Bertnlp 0.0.7

Description:

bertnlp 0.0.7

BERT NLP toolkit
BERT NLP toolkit (https://pypi.org/project/bertnlp) is a Python package that performs various NLP tasks using Bidirectional Encoder Representations from Transformers (BERT) related models.
Installation
To Install this package using pip:
pip install bertnlp-0.0.x-py3-none-any.whl -f https://download.pytorch.org/whl/torch_stable.html

To fetch the nightly version that is in-development, visit this project homepage (https://github.com/daishuanglu/bertnlp).
Implemented NLP Solutions

BERT tokenizer
BERT word embedding and fuzzy matcher
BERT sentence embedding
Modified BERT sentiment score
Text classifier based on KNN-bert and trainer
Text classifier based on FastText and trainer
Multi-labelled text intent detector based on FastText and trainer

Usage
To use this bert package as a SDK,
from bertnlp.fuzzy_matcher import semanticMatcher
from bertnlp.pipeline import sentiment,embeddings,tokenizer
from bertnlp.text_classifier import knnbert as bert_clf

corpus = ['The cat sits outside',
'A man is playing guitar',
'I love pasta',
'The new movie is awesome',
'The cat plays in the garden',
'A woman watches TV',
'The new movie is so great',
'Do you like pizza?','cat','TV']

feature_list=['cat','dog','television','guitar','movie','pizza','pasta']

matcher=semanticMatcher()
sentimentScorer = sentiment(neu_range=0.2)
senti_pred = sentimentScorer.score(corpus)
for j, sent in enumerate(corpus):
features=matcher.match_sent(sent, feature_list, threshold=0.3)
feature_mentioned= ';'.join(['{:s}, score:{:.4f}'.format(f['label'],f['score'] ) for f in features])
print("[Sentence] {:s}; [Sentiment] {:s}, score:{:.4f}; [Feature Mentioned] {:s}".format(
sent,senti_pred[j]['label'],senti_pred[j]['score'],feature_mentioned)
)

print('\n + Extra pipeline features added 12142020:')
senti_pred=sentimentScorer.predict(corpus)
senti_score=sentimentScorer.predict_proba(corpus)
bert_tok=tokenizer()
emb=embeddings()
# sentence bert embeddings: Input - list of sentences, Output - 2D numpy array
sent_emb= emb.sbert_emb(corpus)
print('embedding shape:', sent_emb.shape)
for j, sent in enumerate(corpus):
print(
"[Sentence] {:s}; [Sentiment proba] :{:s}; [1-5th dimensions of sentence embedding] {:s}".format(
sent, str(senti_score[j,:].tolist()), str(sent_emb[j,:5].tolist()) )
)
# bert word embeddings: Input - list of words, Output - 2D numpy array
tokens=bert_tok.token(sent)
word_emb=emb.bert_emb(tokens)
for i,tok in enumerate(tokens):
print("[Token] {}; [1-5th dimension of Word Embeddings] {}".format(tok, word_emb[i,:5]) )

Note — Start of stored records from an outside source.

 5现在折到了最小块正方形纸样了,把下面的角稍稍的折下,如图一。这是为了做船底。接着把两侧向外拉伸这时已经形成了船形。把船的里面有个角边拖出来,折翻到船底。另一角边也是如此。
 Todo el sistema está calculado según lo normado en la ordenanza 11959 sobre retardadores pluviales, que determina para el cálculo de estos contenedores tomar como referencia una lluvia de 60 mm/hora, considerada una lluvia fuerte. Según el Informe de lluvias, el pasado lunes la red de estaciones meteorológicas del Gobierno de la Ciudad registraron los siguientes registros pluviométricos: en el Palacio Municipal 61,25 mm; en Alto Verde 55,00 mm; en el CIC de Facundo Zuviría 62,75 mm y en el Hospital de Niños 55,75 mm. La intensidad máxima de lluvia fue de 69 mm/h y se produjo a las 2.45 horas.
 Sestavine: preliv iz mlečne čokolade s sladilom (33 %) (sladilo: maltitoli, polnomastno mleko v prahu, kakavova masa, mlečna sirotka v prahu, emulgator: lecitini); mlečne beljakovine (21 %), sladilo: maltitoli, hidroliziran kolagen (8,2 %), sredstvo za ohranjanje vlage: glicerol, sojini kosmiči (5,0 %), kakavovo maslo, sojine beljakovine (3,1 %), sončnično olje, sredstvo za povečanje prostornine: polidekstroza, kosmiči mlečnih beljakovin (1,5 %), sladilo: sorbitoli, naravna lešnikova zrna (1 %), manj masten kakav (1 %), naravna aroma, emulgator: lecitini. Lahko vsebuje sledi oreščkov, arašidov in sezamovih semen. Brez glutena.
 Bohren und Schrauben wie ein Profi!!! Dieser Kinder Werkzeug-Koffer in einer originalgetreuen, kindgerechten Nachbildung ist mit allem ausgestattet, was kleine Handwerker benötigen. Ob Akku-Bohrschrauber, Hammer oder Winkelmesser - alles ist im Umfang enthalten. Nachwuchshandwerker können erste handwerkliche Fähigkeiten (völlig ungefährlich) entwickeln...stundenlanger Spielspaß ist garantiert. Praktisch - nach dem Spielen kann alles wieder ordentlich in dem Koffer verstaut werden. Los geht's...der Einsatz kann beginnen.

print('Embedding cosine similarity as text relevancy:')
print(emb.cos_sim(sent_emb[:3],sent_emb[-3:]))

To train a text classifier
from bertnlp.text_classifier import knnbert,trainer
import numpy as np
from bertnlp.utils import get_example_data
from bertnlp.measure import plotConfMat

def drop_class(X,y,classname):
sel_id=[i for i,yy in enumerate(y) if yy!=classname]
return [X[i] for i in sel_id],[y[i] for i in sel_id]

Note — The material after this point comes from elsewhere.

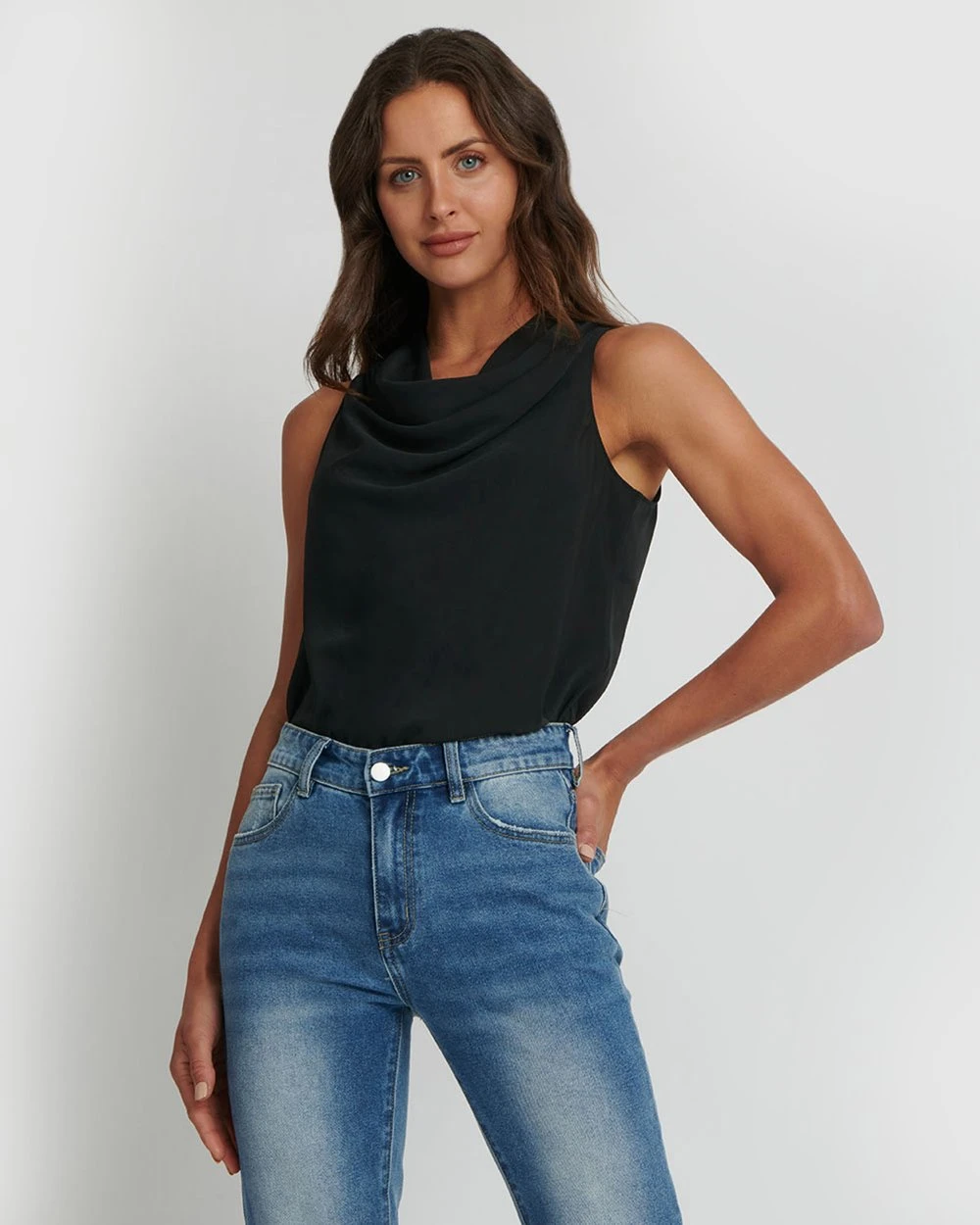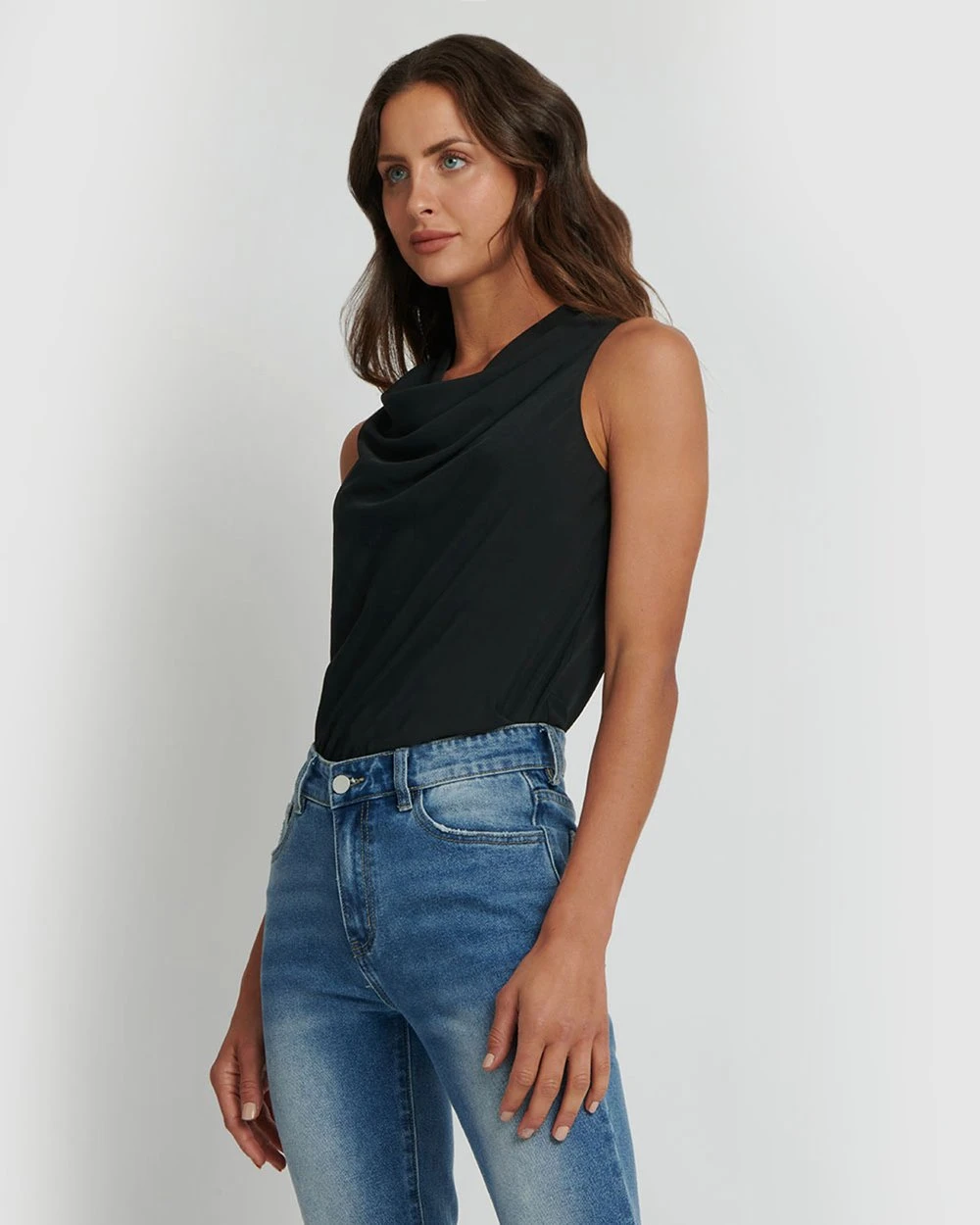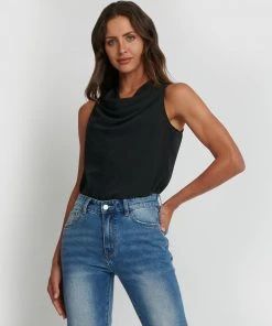 Forcast Nora Drape Neck Top Black

data,senti_cat,subcat,senti_label,featureMent=get_example_data('train','ISO-8859-1')
test_data,test_senti_cat,test_subcat,test_senti_label,test_featureMent=get_example_data('test','ISO-8859-1')
sbert_model_name='roberta-base-nli-stsb-mean-tokens'

cat_data_tr,cat_tr=drop_class(data,senti_cat,"Critique")
cat_data_te, cat_te = drop_class(test_data, test_senti_cat, "Critique")
cat_model = knnbert(sbert_model_name=sbert_model_name)

# using evaluation mode to check training-validation performance stats
trainer(cat_data_tr+cat_data_te,cat_tr+cat_te,cat_model,eval_round=10)
# enable save_model_path to generate a deployable model on the overall dataset.
cat_model =trainer(cat_data_tr+cat_data_te,cat_tr+cat_te,cat_model,save_model_path='./model.pkl')
cat_pred=cat_model.predict(cat_data_te)
print('senti_cat sbert model test accuracy {}'.format((cat_pred==np.array(cat_te)).mean() ))
plotConfMat(cat_te,cat_pred,cat_model.classes_,'cat_sbertClf_confmat.png')

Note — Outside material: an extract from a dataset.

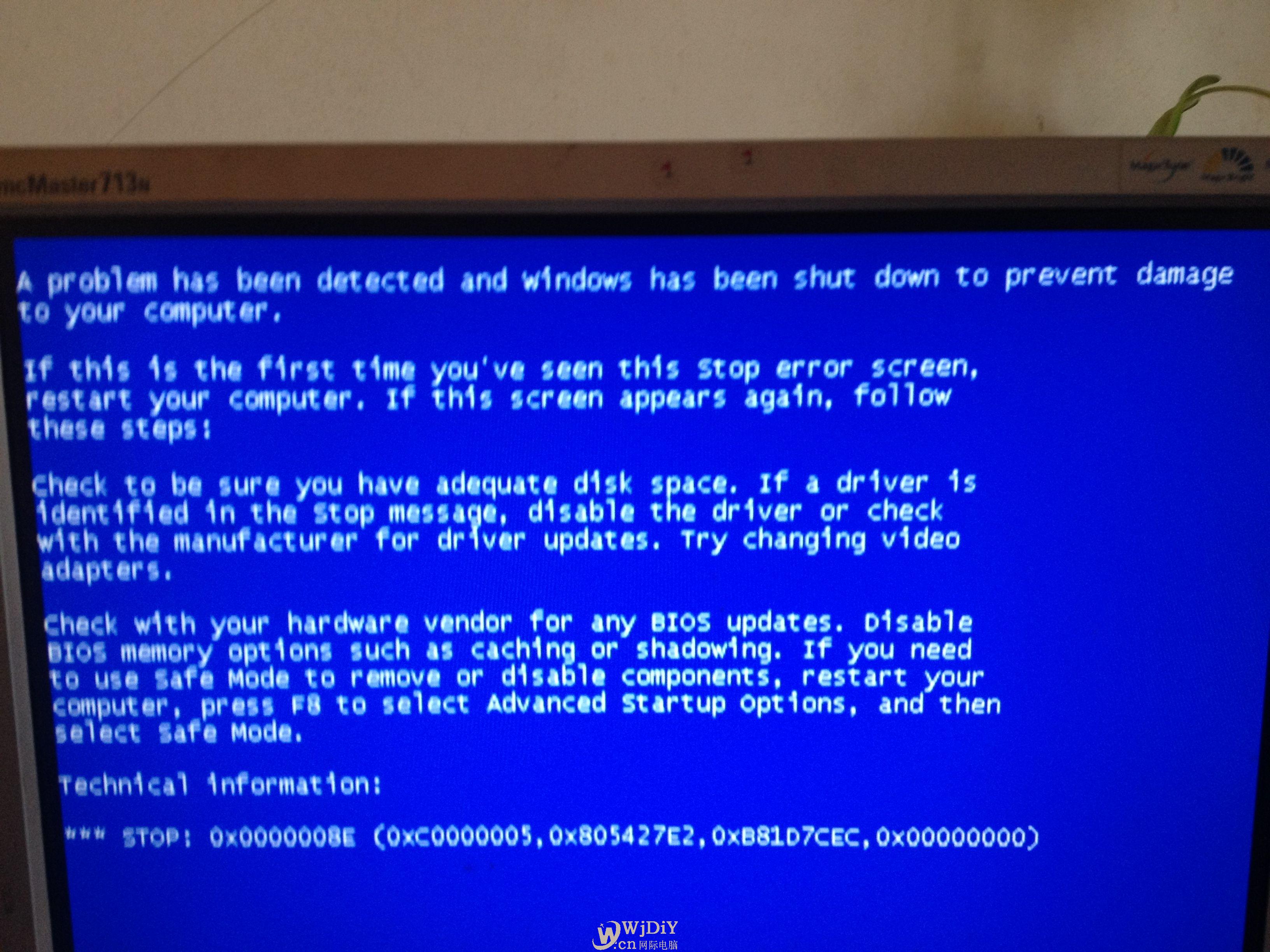 這個代碼一般和顯卡有關,有可能是顯卡損壞,也可能是只是因為安裝了不太兼容的顯卡驅動造成的,建議有花屏現象的先找朋友借個顯卡插上試一下,或者主機有集成顯卡的,用集成顯卡試一下。如果平時沒有花屏現象,那就更換買機器的時候自帶的顯卡驅動試一下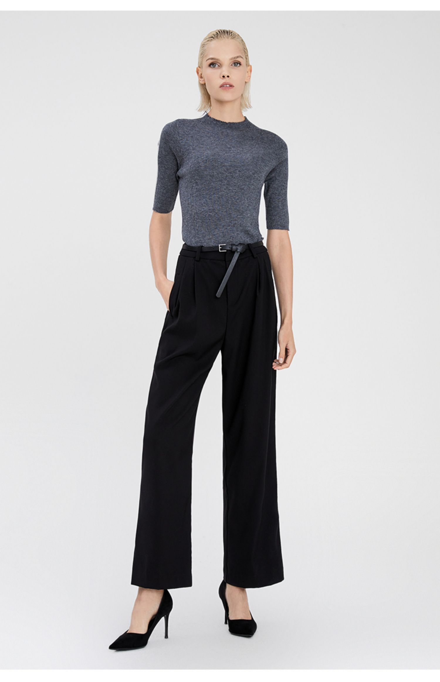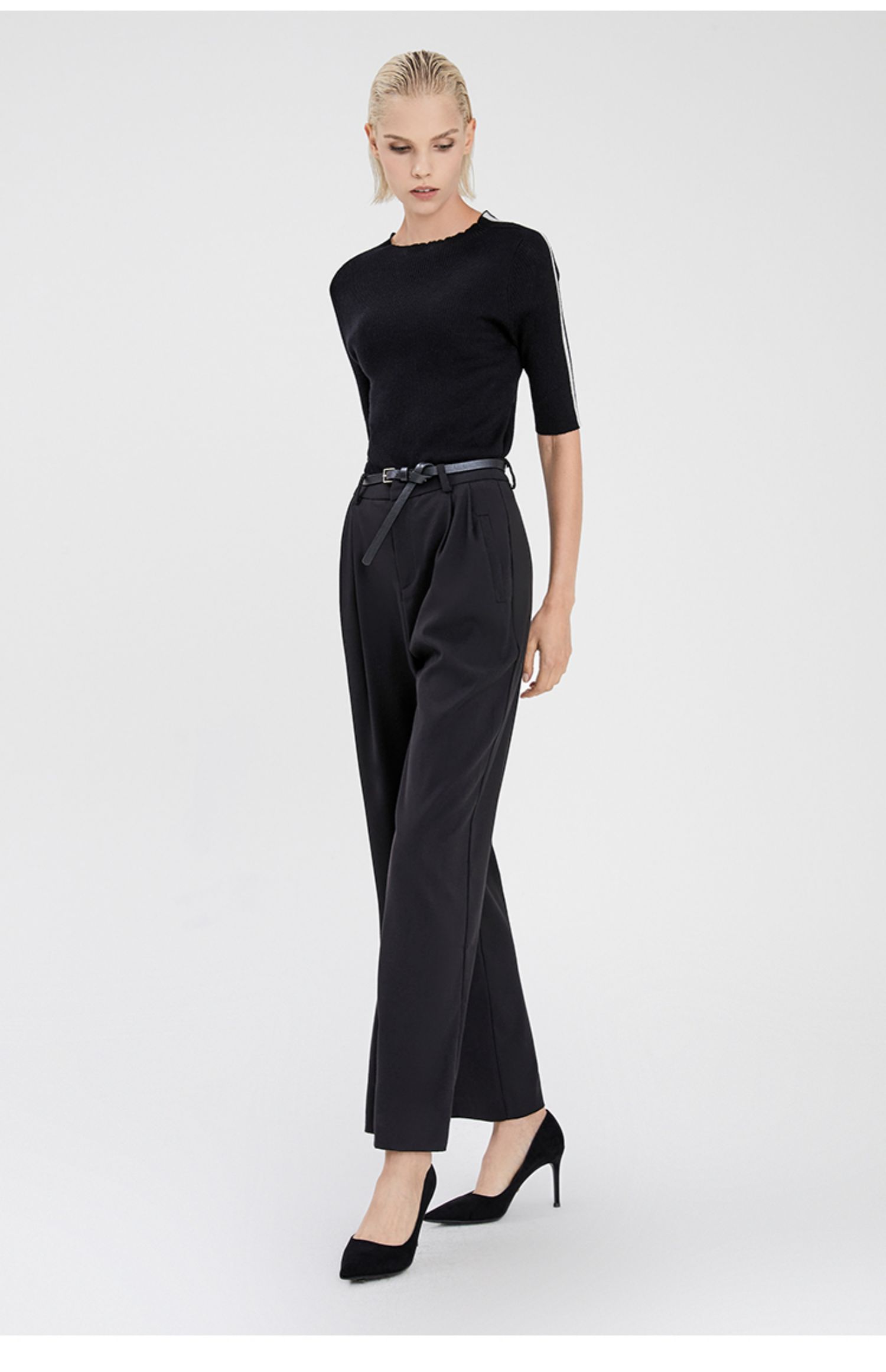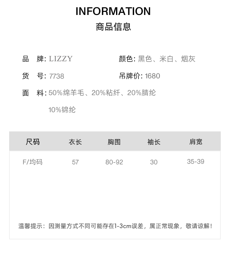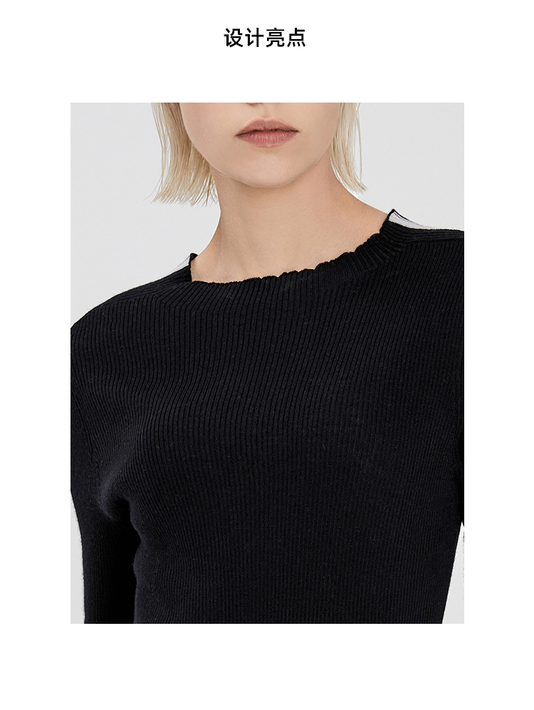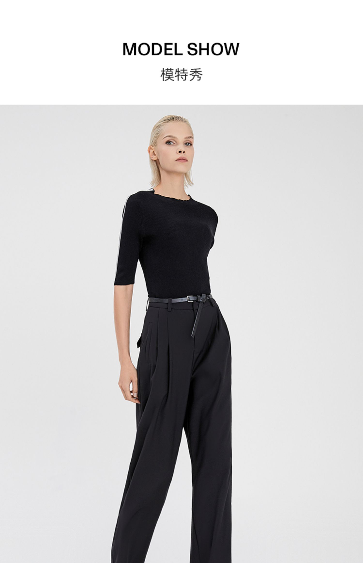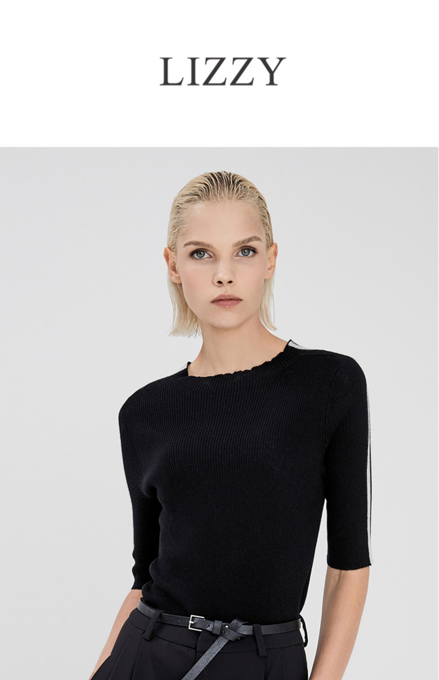 LIZZY早秋圆领五分袖修身打底针织衫套头短款毛衣女7738

The bert package support multi-labelled text intent detection, which can adapted to multiple NLP tasks such as (1) intent detection, (2) multi-intent detection, and other text classification tasks.
Different from text classification, the multi-labelled text intent detection can (1) check 'None' class and (2) classify a single text into multiple labels as many as it detects.
To train a multi-labelled text detection model,
from bertnlp.text_classifier import fasttextClf
import numpy as np
from bertnlp.utils import get_example_data
from bertnlp.measure import plotPrecisionRecall
from bertnlp.fuzzy_matcher import feat_predict_func

# load the example data for training
data,senti_cat,subcat,senti_label,featureMent=get_example_data('train','ISO-8859-1')
test_data,test_senti_cat,test_subcat,test_senti_label,test_featureMent=get_example_data('test','ISO-8859-1')
# save all the Mentioned features as a list of feature names
featurelist=list(set(sum(test_featureMent,[])+ sum(featureMent,[])))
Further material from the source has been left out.